** Dataset records follows **

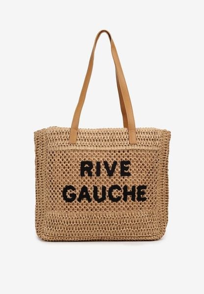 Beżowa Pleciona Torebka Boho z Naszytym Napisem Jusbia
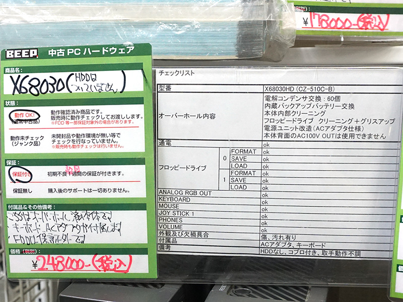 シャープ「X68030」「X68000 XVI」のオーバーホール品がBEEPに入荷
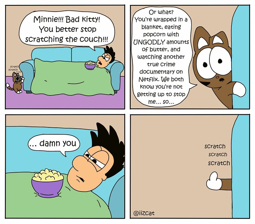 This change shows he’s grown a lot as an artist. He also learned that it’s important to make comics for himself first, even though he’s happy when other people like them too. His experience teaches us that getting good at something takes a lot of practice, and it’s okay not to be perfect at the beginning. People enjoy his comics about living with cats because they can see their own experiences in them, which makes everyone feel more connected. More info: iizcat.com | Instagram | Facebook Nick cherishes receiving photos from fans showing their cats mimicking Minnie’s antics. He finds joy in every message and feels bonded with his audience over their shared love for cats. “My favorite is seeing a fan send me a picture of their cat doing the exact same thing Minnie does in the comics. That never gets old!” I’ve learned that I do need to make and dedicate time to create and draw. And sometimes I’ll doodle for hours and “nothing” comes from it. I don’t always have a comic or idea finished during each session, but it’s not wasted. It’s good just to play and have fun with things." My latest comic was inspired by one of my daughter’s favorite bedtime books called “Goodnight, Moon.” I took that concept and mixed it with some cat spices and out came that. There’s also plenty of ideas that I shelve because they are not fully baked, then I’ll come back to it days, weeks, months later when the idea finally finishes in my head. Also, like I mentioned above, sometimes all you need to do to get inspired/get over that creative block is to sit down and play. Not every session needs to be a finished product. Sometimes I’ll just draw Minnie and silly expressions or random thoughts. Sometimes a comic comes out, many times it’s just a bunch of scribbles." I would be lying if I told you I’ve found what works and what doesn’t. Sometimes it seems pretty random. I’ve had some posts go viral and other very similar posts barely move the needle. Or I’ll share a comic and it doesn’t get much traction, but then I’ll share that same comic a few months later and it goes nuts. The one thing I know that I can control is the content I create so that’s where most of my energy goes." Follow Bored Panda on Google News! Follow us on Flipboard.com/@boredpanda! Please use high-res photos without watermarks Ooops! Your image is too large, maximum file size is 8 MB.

** End of Dataset records **
** Dataset records follows **

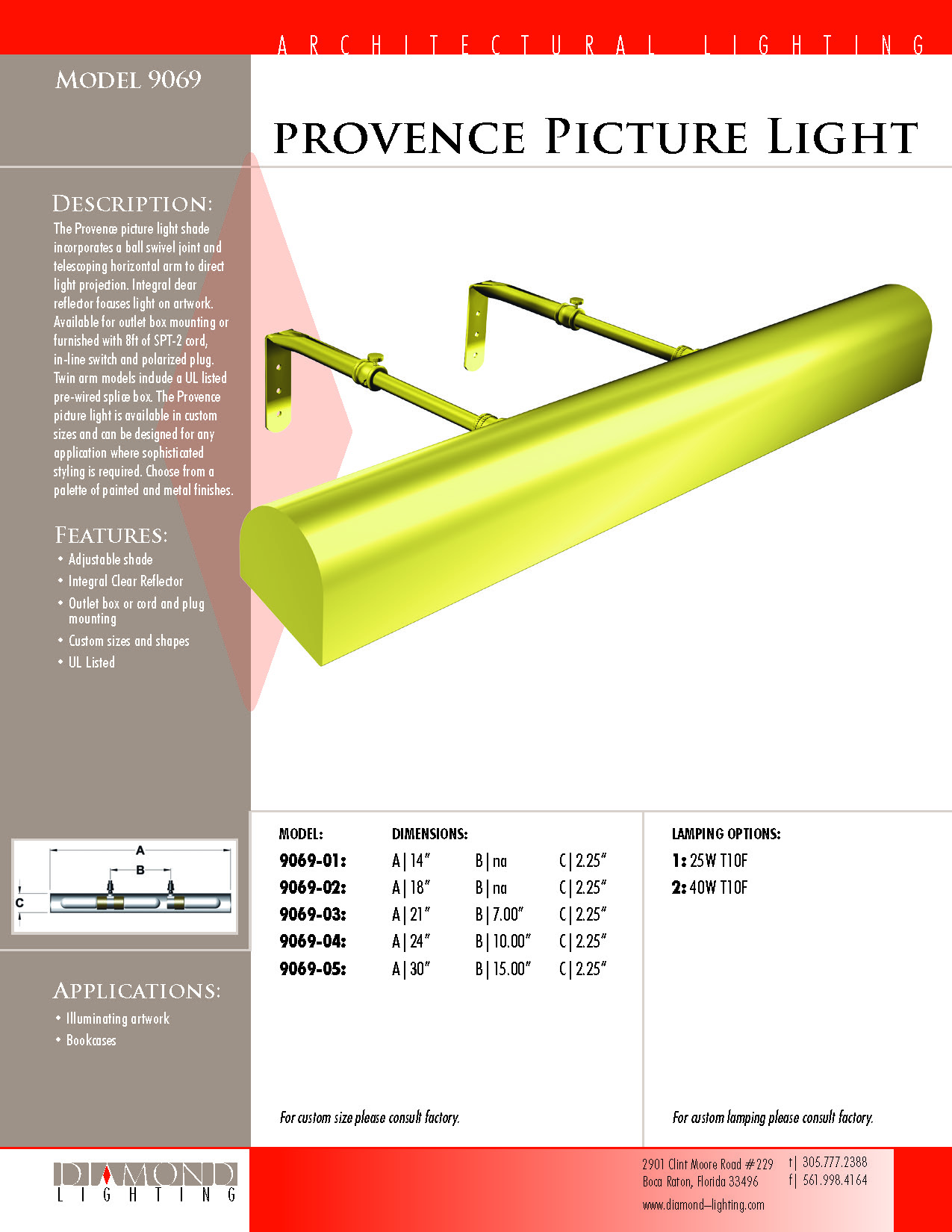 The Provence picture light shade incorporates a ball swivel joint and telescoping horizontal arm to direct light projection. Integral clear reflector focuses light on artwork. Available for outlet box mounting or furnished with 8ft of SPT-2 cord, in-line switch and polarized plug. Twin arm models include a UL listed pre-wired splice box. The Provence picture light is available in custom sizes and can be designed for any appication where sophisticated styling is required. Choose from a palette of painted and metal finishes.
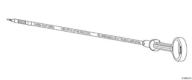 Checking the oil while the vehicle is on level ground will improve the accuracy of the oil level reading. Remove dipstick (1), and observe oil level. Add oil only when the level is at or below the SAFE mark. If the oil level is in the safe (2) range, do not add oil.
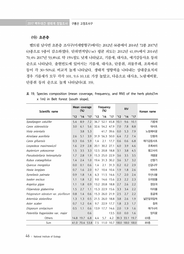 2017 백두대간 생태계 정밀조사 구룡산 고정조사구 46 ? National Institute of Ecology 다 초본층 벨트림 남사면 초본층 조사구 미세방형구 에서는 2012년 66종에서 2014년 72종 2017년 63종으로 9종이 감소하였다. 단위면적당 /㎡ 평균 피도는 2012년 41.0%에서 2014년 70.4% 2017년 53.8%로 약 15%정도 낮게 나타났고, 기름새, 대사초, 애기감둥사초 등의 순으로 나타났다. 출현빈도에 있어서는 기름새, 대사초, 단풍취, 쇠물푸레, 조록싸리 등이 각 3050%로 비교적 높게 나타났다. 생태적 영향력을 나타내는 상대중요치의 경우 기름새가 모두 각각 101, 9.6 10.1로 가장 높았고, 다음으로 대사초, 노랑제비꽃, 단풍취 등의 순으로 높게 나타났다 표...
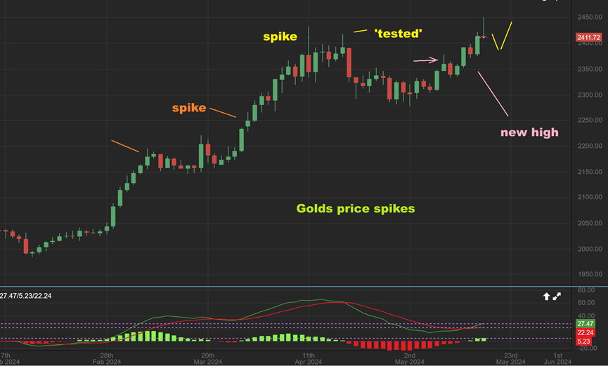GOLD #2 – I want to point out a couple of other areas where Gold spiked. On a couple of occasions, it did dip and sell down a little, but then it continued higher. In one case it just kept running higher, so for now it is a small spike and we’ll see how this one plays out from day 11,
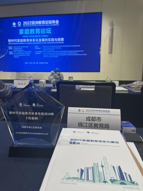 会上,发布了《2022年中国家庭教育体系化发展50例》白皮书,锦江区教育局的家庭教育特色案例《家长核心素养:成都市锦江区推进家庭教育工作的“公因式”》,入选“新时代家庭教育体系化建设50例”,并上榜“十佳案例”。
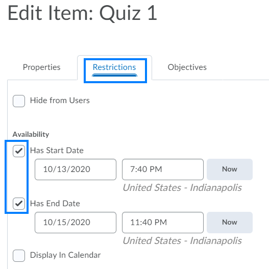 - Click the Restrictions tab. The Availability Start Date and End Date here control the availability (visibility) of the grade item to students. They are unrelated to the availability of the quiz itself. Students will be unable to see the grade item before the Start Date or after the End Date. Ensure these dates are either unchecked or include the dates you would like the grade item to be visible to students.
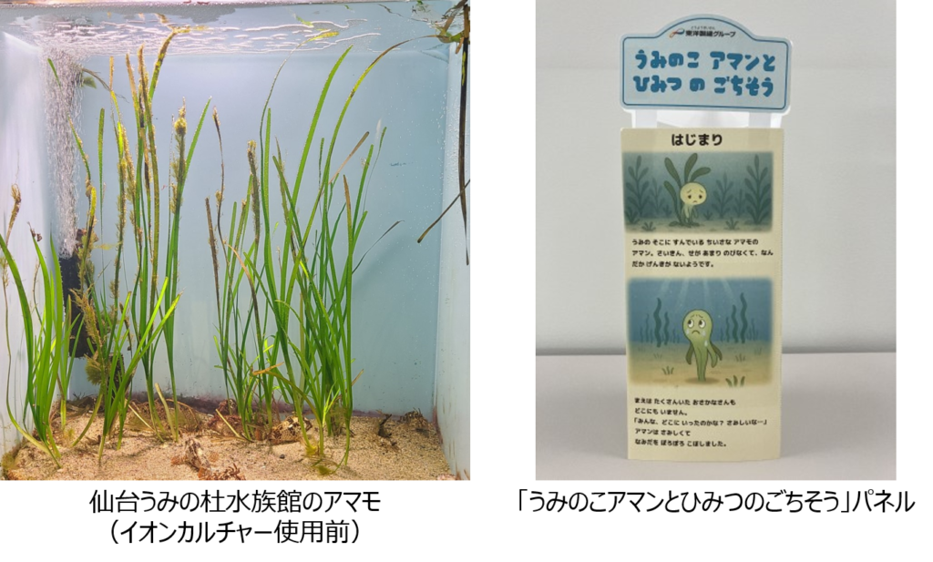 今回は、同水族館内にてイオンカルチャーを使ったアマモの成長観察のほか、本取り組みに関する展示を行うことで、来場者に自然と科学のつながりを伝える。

** End of Dataset records **

Find the line with "2017 백두대간 생태계" and the line with "今回は、同水族館内にてイオン" in the records above. Copy both and all lines between them exactly, without pictures.

Response below:
 2017 백두대간 생태계 정밀조사 구룡산 고정조사구 46 ? National Institute of Ecology 다 초본층 벨트림 남사면 초본층 조사구 미세방형구 에서는 2012년 66종에서 2014년 72종 2017년 63종으로 9종이 감소하였다. 단위면적당 /㎡ 평균 피도는 2012년 41.0%에서 2014년 70.4% 2017년 53.8%로 약 15%정도 낮게 나타났고, 기름새, 대사초, 애기감둥사초 등의 순으로 나타났다. 출현빈도에 있어서는 기름새, 대사초, 단풍취, 쇠물푸레, 조록싸리 등이 각 3050%로 비교적 높게 나타났다. 생태적 영향력을 나타내는 상대중요치의 경우 기름새가 모두 각각 101, 9.6 10.1로 가장 높았고, 다음으로 대사초, 노랑제비꽃, 단풍취 등의 순으로 높게 나타났다 표...
GOLD #2 – I want to point out a couple of other areas where Gold spiked. On a couple of occasions, it did dip and sell down a little, but then it continued higher. In one case it just kept running higher, so for now it is a small spike and we’ll see how this one plays out from day 11,
 会上,发布了《2022年中国家庭教育体系化发展50例》白皮书,锦江区教育局的家庭教育特色案例《家长核心素养:成都市锦江区推进家庭教育工作的“公因式”》,入选“新时代家庭教育体系化建设50例”,并上榜“十佳案例”。
 - Click the Restrictions tab. The Availability Start Date and End Date here control the availability (visibility) of the grade item to students. They are unrelated to the availability of the quiz itself. Students will be unable to see the grade item before the Start Date or after the End Date. Ensure these dates are either unchecked or include the dates you would like the grade item to be visible to students.
 今回は、同水族館内にてイオンカルチャーを使ったアマモの成長観察のほか、本取り組みに関する展示を行うことで、来場者に自然と科学のつながりを伝える。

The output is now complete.